Wskazano, że pominięto przy tym „organizacje pomocowe o znacznie większym doświadczeniu i specjalizacji, takie jak Polski Czerwony Krzyż, Caritas Polska, Fundacja Polskie Centrum Pomocy Międzynarodowej czy Polska Akcja Humanitarna”.
„Ponadto spółki Skarbu Państwa zostały zaangażowane w dodatkowe milionowe finansowe wsparcie dla Fundacji Owsiaka z przeznaczeniem na działania niezwiązane już z akcją niesienia pomocy ofiarom powodzi. Wielkość i skala tego wsparcia nie zostały w pełni ujawnione” – czytamy.
„Jerzy Owsiak otwarcie, także finansowo, angażował się w kampanię wyborczą, wspierając kandydatów Platformy Obywatelskiej do parlamentu. Konsekwentnie promował również polityków obecnej władzy, która ma dzisiaj szczególny interes polityczny we wspieraniu jego Fundacji” – przekonywali Wójcik, Ziobro i Łuakszewicz.

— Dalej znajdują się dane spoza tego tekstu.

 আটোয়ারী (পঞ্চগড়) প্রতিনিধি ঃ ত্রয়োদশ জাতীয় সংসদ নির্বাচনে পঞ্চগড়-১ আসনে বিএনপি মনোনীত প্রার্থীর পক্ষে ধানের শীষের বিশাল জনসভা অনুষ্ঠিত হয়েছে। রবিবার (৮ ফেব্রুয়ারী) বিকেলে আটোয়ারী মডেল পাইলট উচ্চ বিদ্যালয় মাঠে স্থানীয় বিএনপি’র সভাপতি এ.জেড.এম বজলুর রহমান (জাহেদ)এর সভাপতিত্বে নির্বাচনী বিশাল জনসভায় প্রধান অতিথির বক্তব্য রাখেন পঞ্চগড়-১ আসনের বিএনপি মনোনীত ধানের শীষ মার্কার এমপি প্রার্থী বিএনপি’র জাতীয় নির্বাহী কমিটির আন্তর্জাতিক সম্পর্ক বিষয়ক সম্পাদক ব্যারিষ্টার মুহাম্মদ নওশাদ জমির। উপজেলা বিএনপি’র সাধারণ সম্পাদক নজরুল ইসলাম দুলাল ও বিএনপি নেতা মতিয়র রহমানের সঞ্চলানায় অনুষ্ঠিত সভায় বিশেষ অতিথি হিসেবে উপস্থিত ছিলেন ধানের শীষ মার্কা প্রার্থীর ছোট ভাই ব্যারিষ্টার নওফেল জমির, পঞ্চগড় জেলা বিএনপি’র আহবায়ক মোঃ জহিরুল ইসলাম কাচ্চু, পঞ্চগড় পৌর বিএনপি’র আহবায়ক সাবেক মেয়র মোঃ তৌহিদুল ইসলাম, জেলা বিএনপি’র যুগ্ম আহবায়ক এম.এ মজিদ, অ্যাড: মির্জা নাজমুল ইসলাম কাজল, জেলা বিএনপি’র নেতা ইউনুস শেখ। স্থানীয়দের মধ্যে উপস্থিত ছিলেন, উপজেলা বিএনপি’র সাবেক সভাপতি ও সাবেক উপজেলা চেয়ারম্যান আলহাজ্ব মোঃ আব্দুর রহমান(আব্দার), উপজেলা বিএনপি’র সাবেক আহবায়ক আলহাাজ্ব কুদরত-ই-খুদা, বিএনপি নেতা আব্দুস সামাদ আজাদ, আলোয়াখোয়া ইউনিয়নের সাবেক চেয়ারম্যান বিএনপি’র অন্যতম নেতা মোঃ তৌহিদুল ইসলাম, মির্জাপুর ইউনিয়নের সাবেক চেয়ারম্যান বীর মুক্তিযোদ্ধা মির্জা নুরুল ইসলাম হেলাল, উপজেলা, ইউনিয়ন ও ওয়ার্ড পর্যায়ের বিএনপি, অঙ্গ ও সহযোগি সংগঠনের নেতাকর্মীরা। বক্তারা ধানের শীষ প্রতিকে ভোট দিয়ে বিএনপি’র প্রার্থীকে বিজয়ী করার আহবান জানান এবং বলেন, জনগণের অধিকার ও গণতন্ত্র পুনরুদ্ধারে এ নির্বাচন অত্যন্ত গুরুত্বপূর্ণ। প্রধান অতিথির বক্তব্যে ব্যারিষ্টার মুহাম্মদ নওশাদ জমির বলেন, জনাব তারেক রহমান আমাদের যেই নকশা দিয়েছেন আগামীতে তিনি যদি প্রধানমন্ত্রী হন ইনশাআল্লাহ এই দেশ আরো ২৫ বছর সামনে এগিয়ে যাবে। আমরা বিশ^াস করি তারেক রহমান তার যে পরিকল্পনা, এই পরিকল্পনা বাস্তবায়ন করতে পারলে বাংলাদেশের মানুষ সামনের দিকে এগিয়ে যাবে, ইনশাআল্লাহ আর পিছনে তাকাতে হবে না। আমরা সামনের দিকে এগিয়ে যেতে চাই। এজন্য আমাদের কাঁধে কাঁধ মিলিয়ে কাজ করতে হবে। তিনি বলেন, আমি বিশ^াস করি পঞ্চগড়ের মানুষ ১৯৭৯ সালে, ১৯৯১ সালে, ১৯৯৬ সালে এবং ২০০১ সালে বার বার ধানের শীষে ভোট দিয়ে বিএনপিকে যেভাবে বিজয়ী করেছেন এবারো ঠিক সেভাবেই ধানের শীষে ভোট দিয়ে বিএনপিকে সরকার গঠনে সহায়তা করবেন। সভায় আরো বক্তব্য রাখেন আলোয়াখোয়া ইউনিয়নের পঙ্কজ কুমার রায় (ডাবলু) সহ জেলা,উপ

Dalej politycy PiS przypomnieli, że Owsiak „odmawiał odpowiedzi na szczegółowe pytania dziennikarzy, kiedy i w jakim zakresie przekazał zadeklarowaną pomoc powodzianom”.

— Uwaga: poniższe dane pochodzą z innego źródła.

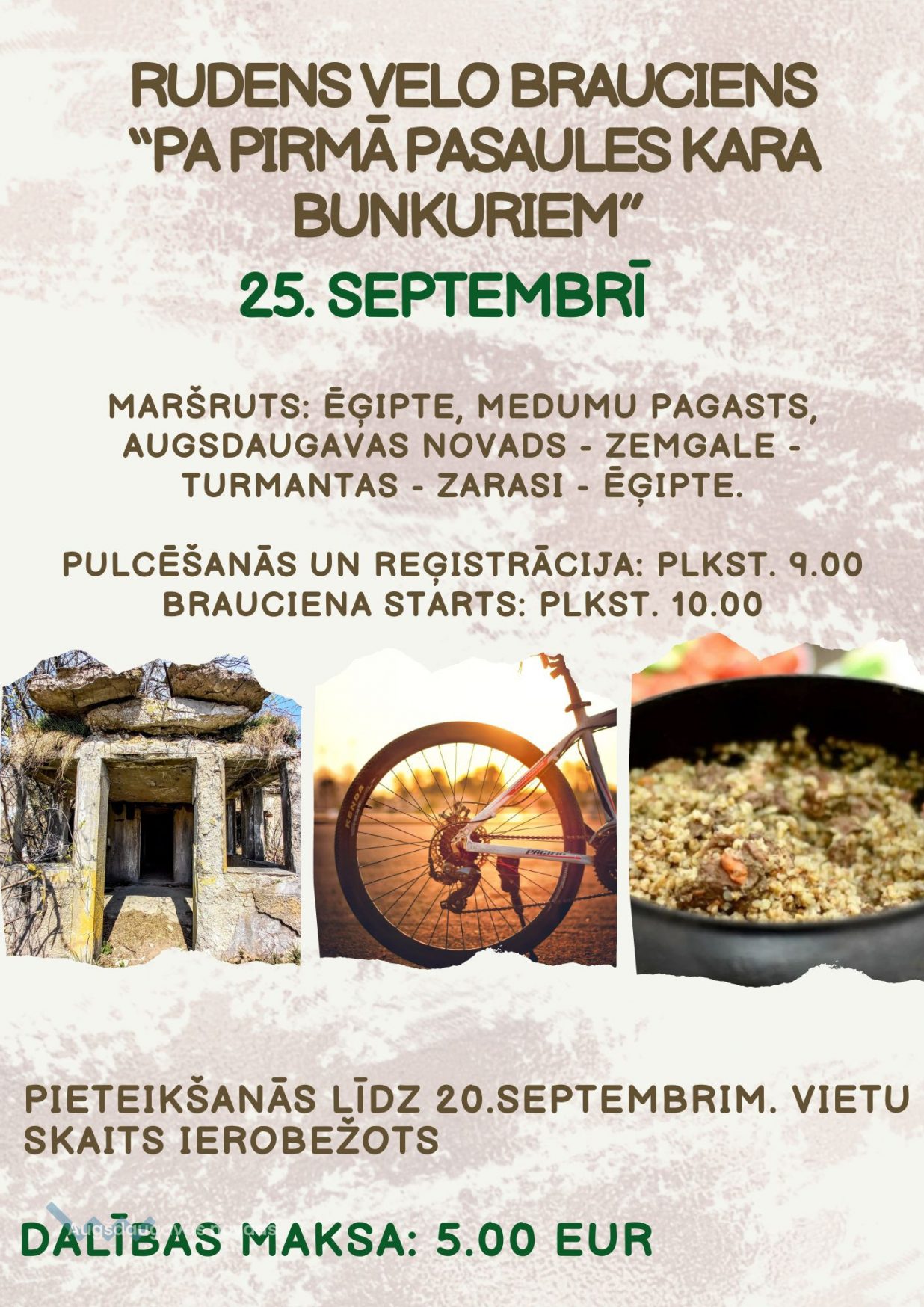Savu dalību aicinām pieteikt līdz šā gada 20. septembrim, aizpildot pieteikuma anketu ŠEIT. Dalībnieku vietu skaits ir ierobežots. Brauciena laikā būs iespēja piedalīties ekskursijā, kuru vadīs zinošs gids, kā arī velo maršruta atklāšanas pasākuma noslēgumā “kara lauka virtuve” piedāvās baudīt pusdienas īstā bunkurā. Dalības maksa: 5.00 eur/pers.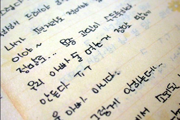 지난 16일 상습적으로 가정폭력을 휘둘러온 아버지(40)를 넥타이로 목졸라 살해한(존속살인) 혐의로 구속된 여중생 이아무개(15·강원도 강릉)양의 일기장 내용 일부이다.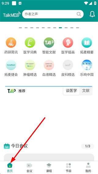 1、進入首頁可看到藥研簡訊、醫學詞典、智能文獻等多個功能入口,還有TAIP推薦的資訊內容,可根據需求選擇功能或瀏覽資訊。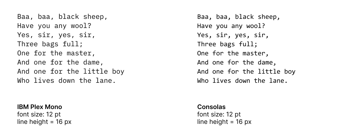 - I configure my editor to the preferred font size and line height once.

„Finansowanie prywatnych fundacji ze środków Skarbu Państwa musi przebiegać zgodnie z prawem i w sposób całkowicie transparentny. A wszelkie decyzje, które pośrednio lub bezpośrednio przyczyniają się do wypłaty takich środków finansowych, muszą być jawne, uzasadnione i mieć podstawy prawne” – napisano.
Tu warto zaznaczyć, że mówienie o konieczności finansowania prywatnych podmiotów przez Państwo w sposób transparentny ze strony Ziobry brzmi dość komicznie.

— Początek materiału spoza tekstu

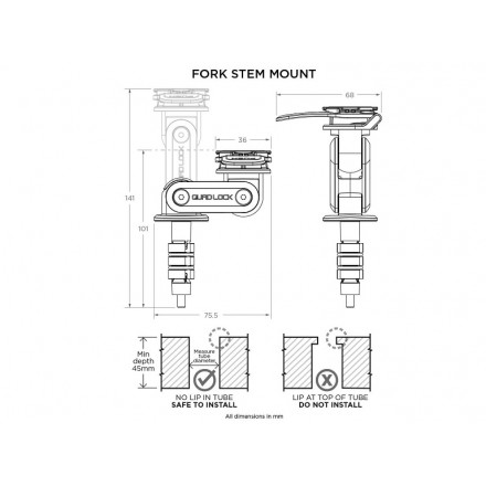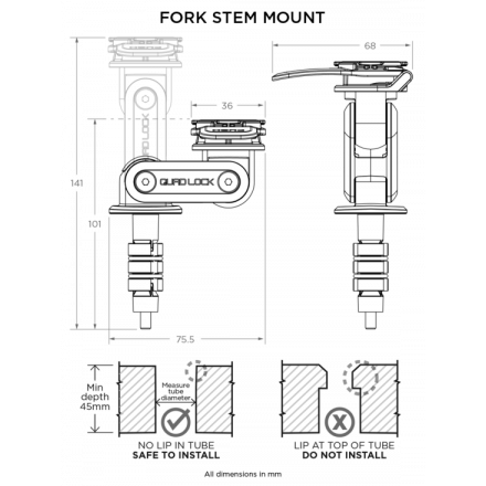 Support potence fourche moto Quad Lock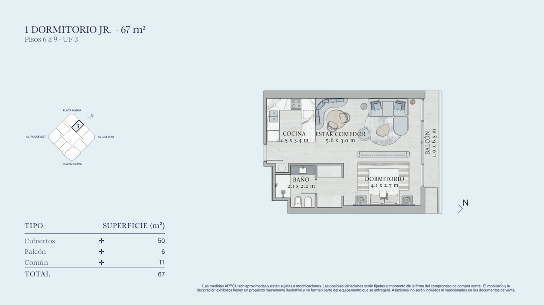 Descubra este moderno y funcional apartamento 1 dormitorio junior de 67 m² totales, con una ubicación inmejorable y orientación norte que garantiza gran luminosidad.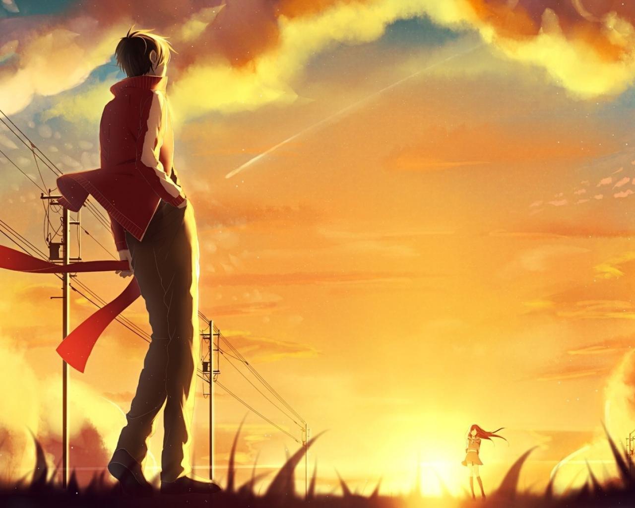 Wallpaper Meeting at sunset in the anime Kagerou Project

„Dlatego będziemy konsekwentnie domagać się pełnej informacji na temat skali finansowego wsparcia oraz podstaw prawnych, na jakich zostało ono udzielone – zarówno w przypadku pomocy dla poszkodowanych przez powódź, jak i we wszystkich innych sytuacjach, w których miliony złotych z publicznych środków trafiają lub będą trafiać do Fundacji Owsiaka” – podsumowano.
Kontrola poselska w Kancelarii Prezesa Rady Ministrów nie potwierdziła medialnych doniesień o kwocie 40 mln zł i funduszu rezerwy celowej jako źródła wsparcia dla Fundacji Jerzego Owsiaka i za publiczne powtórzenie tej informacji przepraszamy, podtrzymując, że dotychczasowe…
— Suwerenna Polska (@Suwerenna_POL) March 13, 2025
Wpis ten dotyczy wcześniejszej wypowiedzi Zbigniewa Ziobry podczas konferencji prasowej. Wówczas zarzucił premierowi Donaldowi Tuskowi, że „spod swojego palca przekazał na pomoc powodzianom 40 mln zł Jerzemu Owsiakowi i jego fundacji”.
Twierdził również, że spółki skarbu państwa „zostały zmuszone” do przekazania kolejnych środków na WOŚP.
– Donald Tusk z nieznanych powodów nie zdecydował się udzielić wsparcia finansowego organizacjom, takim jak Polski Czerwony Krzyż, Caritas, Polska Akcja Humanitarna – przekonywał Ziobro.
Wskazał też, że WOŚP nie ma doświadczenia w pomocy ofiarom klęsk żywiołowych. Jerzy Owsiak zdementował te informacje.
– Nigdy nie otrzymaliśmy od jakiegokolwiek urzędnika piastującego obecnie urząd 40 mln zł – powiedział Owsiak PAP.
Zaznaczył, że zwróci się do banku obsługującego fundację w celu uzyskania potwierdzenia, że takiej wpłaty nigdy nie było. Jednocześnie mBank, który obsługuje fundację WOŚP wydał zaświadczenie potwierdzające deklarację Owsiaka.